A study published in the Journal of Science Communication put 433 participants through a simulated social media feed of science posts — some accurate, some misinformation — with and without an AI detection label. The labeled misinformation scored higher on credibility. The labeled accurate content scored lower.
Researchers call it the "truth-falsity crossover effect." The mechanism: people treat the AI label as a signal of objectivity. Computers feel neutral. So the label, designed to prompt scrutiny, becomes a credibility shortcut instead.
Spain this week approved a bill making a missing AI label a serious offence, with fines up to €35M. The intent is transparency. The reader's response to the label is a separate problem the law doesn't address.

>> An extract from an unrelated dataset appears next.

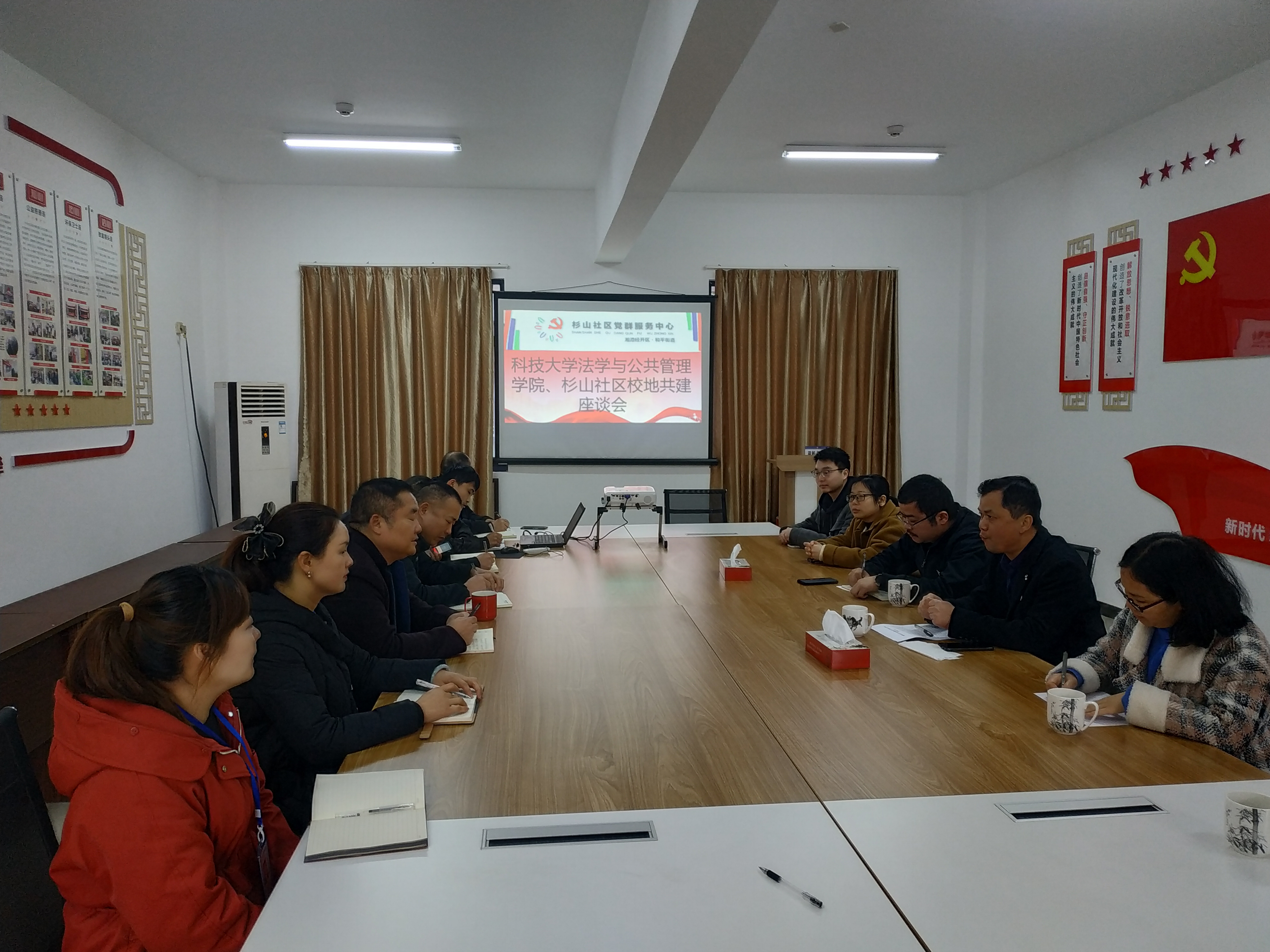 会上,双方就全面落实校地合作共建,实现资源优势互补,加强人才培养,提高学生实践操作能力,弥补社区党建存在的短板等内容进行了交流讨论。杉山社区党委书记罗自光对法管学院邱书记一行表示热烈的欢迎,并简要介绍了社区的基本情况,以及“红心五连”特色的党建工作。yl6809永利党委书记邱帅萍简要介绍了学院的历史沿革、专业特色、人才培养,以及在法律服务、法律咨询、地方立法上取得的一些成效。杉山社区党委副书记彭海均就社区目前党建工作存在的不足,如宣传力度不够进行了说明,也表示希望和法管学院有很好的合作交流,能够在党建及社区管理工作方面获得学校的支持。

The Elaboration Likelihood Model offers the frame: under cognitive load, people process labels as peripheral cues rather than reasons to analyze harder. The AI disclosure label, in a busy feed, fires as a heuristic — and the heuristic says 'machine = objective.'
The experiment used the worst-case label design: "Attention: The content was detected as being generated by AI." No context, no author, no what-AI-did. That's close to what most compliance-driven labeling looks like in practice.
What might change the outcome: specificity. A label that says "AI rewrote this press release" or "no human editor reviewed this" names what happened. A label that just says "AI" invites the reader to fill in the blank — and readers are filling it with 'reliable' because that's the ambient reputation the word has in their mental model of technology.